Exercise description:
Verbatim output of the lines below is required, with the images omitted.

Given material:
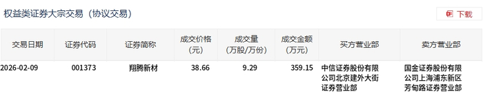 | 交易日期 | 证券代码 | 证券简称 | 成交价格 | 成交量 | 成交金额 买方营业部 (万元) | | 卖方营业部 | | --- | --- | --- | --- | --- | --- | --- | --- | | | | | (元) | (万股/万份) | | | | | 2026-02-09 | 001373 | 翔腾新材 | 38.66 | 9.29 | 359.15 中信证券股份有限 | | 国金证券股份有限 | | | | | | | | 公司北京建外大街 | 公司上海浦东新区 | | | | | | | | 证券营业部 | 芳甸路证券营业部 | 2月9日,翔腾新材大宗交易成交9.29万股,成交额359.15万元,占当日总成交额的6.58%,成交价38.66 元,较市场收盘价43.76元折价11.65%。 ...
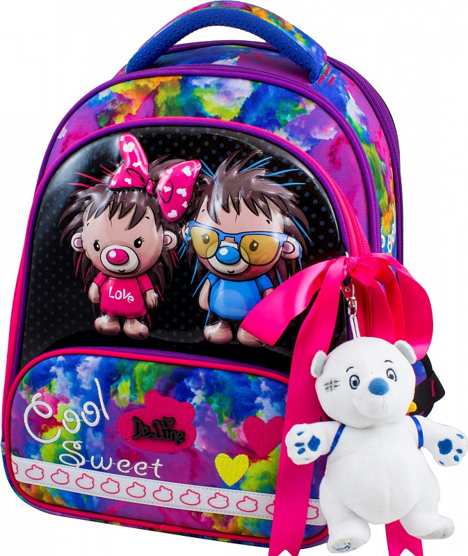 Ранец школьный с ортопедической спиной De Lune + мешок + жесткий пенал + мишка + ленточка
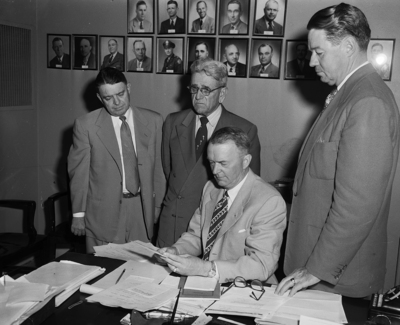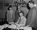 Receiving funds for tornado victims at San Angelo. Left to right, M. D. Fanning, Claude Meadows Jr. Robert B. Carr and Otis Stewart.

Task answer:
 | 交易日期 | 证券代码 | 证券简称 | 成交价格 | 成交量 | 成交金额 买方营业部 (万元) | | 卖方营业部 | | --- | --- | --- | --- | --- | --- | --- | --- | | | | | (元) | (万股/万份) | | | | | 2026-02-09 | 001373 | 翔腾新材 | 38.66 | 9.29 | 359.15 中信证券股份有限 | | 国金证券股份有限 | | | | | | | | 公司北京建外大街 | 公司上海浦东新区 | | | | | | | | 证券营业部 | 芳甸路证券营业部 | 2月9日,翔腾新材大宗交易成交9.29万股,成交额359.15万元,占当日总成交额的6.58%,成交价38.66 元,较市场收盘价43.76元折价11.65%。 ...
 Ранец школьный с ортопедической спиной De Lune + мешок + жесткий пенал + мишка + ленточка
 Receiving funds for tornado victims at San Angelo. Left to right, M. D. Fanning, Claude Meadows Jr. Robert B. Carr and Otis Stewart.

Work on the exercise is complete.